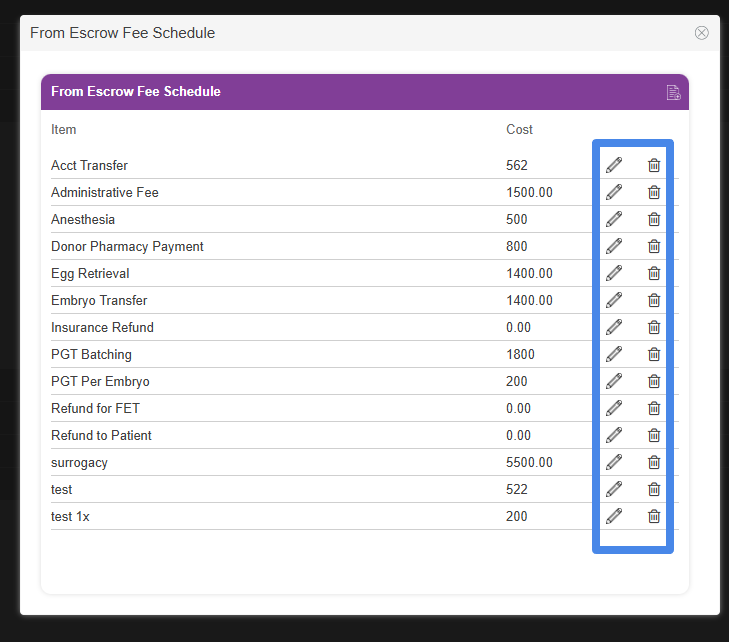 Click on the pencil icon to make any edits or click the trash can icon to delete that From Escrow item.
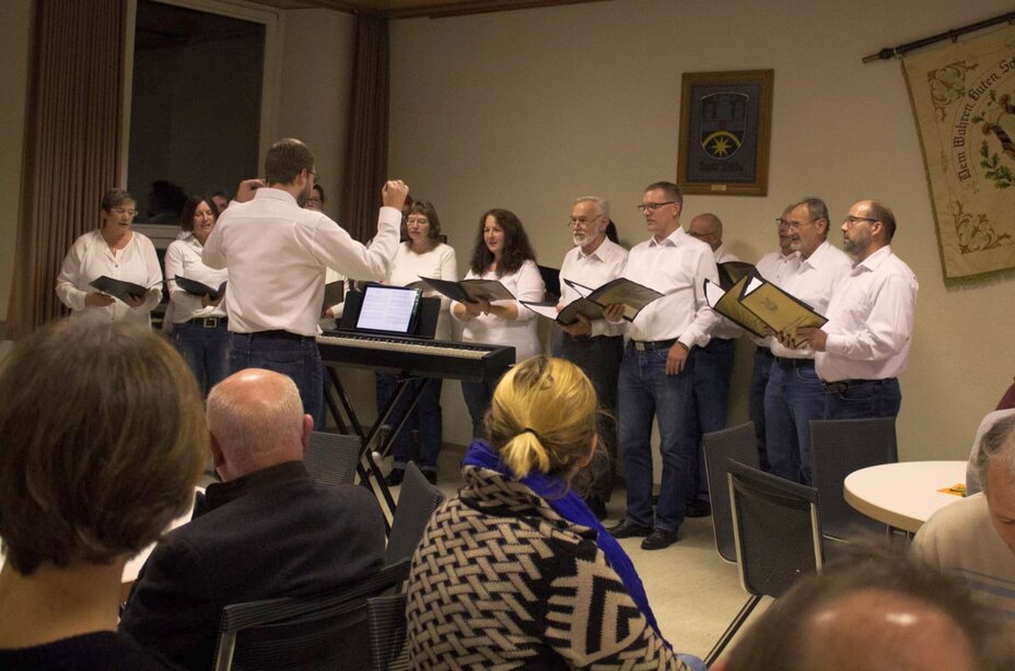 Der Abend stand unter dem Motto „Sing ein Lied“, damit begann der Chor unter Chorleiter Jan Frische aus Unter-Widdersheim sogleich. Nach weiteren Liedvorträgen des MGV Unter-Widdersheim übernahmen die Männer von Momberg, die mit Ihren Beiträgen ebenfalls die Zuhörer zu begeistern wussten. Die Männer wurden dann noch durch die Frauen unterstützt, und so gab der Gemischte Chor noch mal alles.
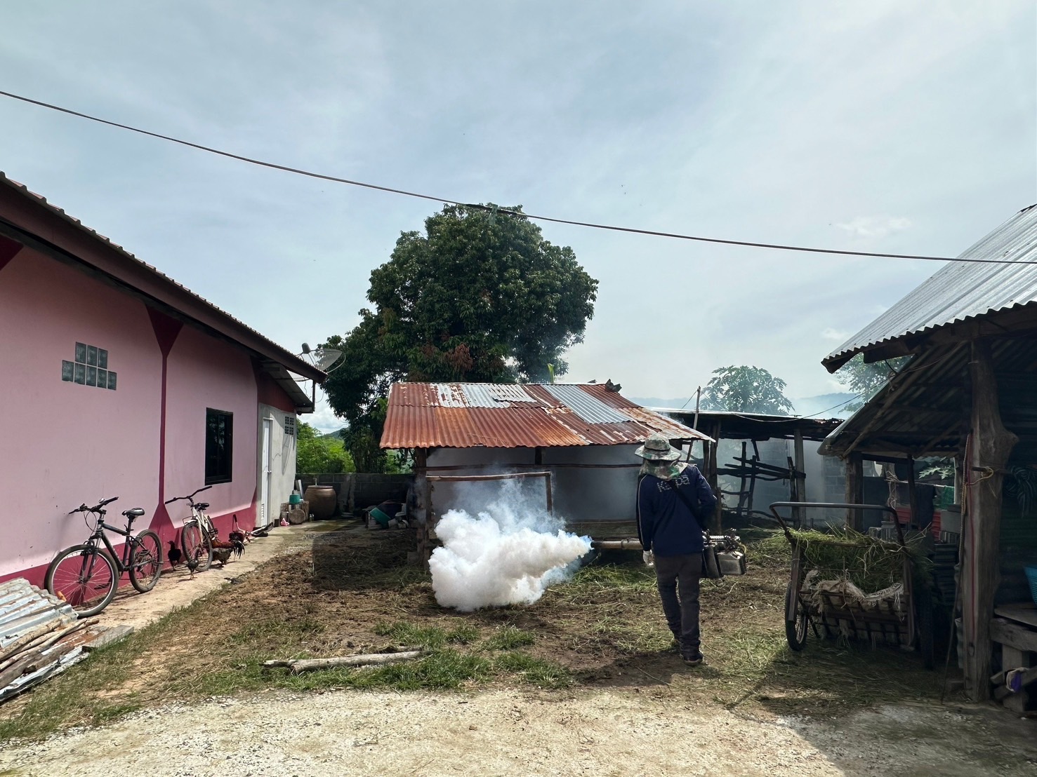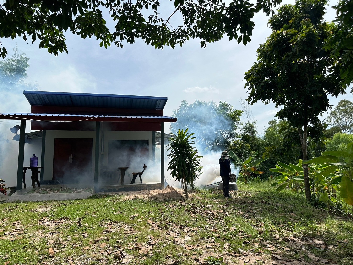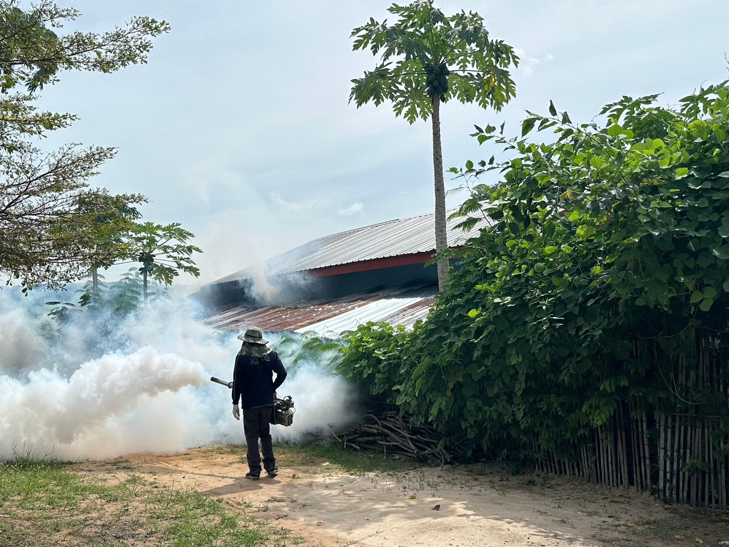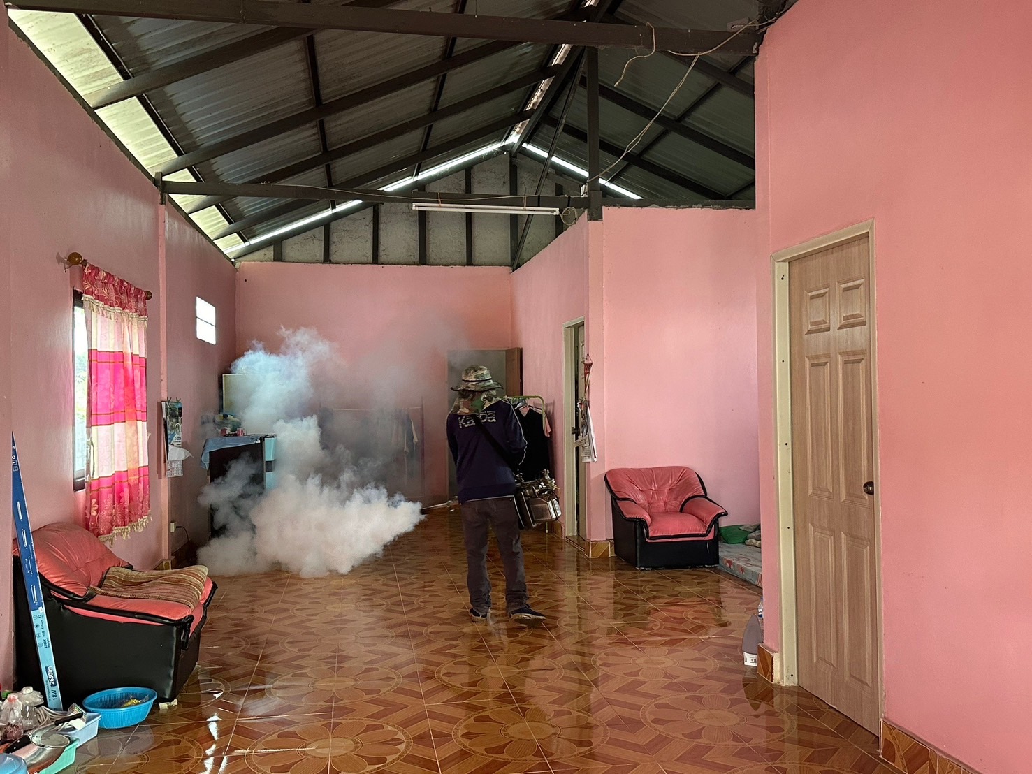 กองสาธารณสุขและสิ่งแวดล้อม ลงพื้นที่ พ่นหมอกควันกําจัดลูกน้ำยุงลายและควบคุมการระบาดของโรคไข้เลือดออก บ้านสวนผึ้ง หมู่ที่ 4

════════

Task to complete - The reply should consist only of the lines running from the one with "Der Abend stand" through the end of the material, both included, copied exactly; please omit pictures.

Finished task -
 Der Abend stand unter dem Motto „Sing ein Lied“, damit begann der Chor unter Chorleiter Jan Frische aus Unter-Widdersheim sogleich. Nach weiteren Liedvorträgen des MGV Unter-Widdersheim übernahmen die Männer von Momberg, die mit Ihren Beiträgen ebenfalls die Zuhörer zu begeistern wussten. Die Männer wurden dann noch durch die Frauen unterstützt, und so gab der Gemischte Chor noch mal alles.
 กองสาธารณสุขและสิ่งแวดล้อม ลงพื้นที่ พ่นหมอกควันกําจัดลูกน้ำยุงลายและควบคุมการระบาดของโรคไข้เลือดออก บ้านสวนผึ้ง หมู่ที่ 4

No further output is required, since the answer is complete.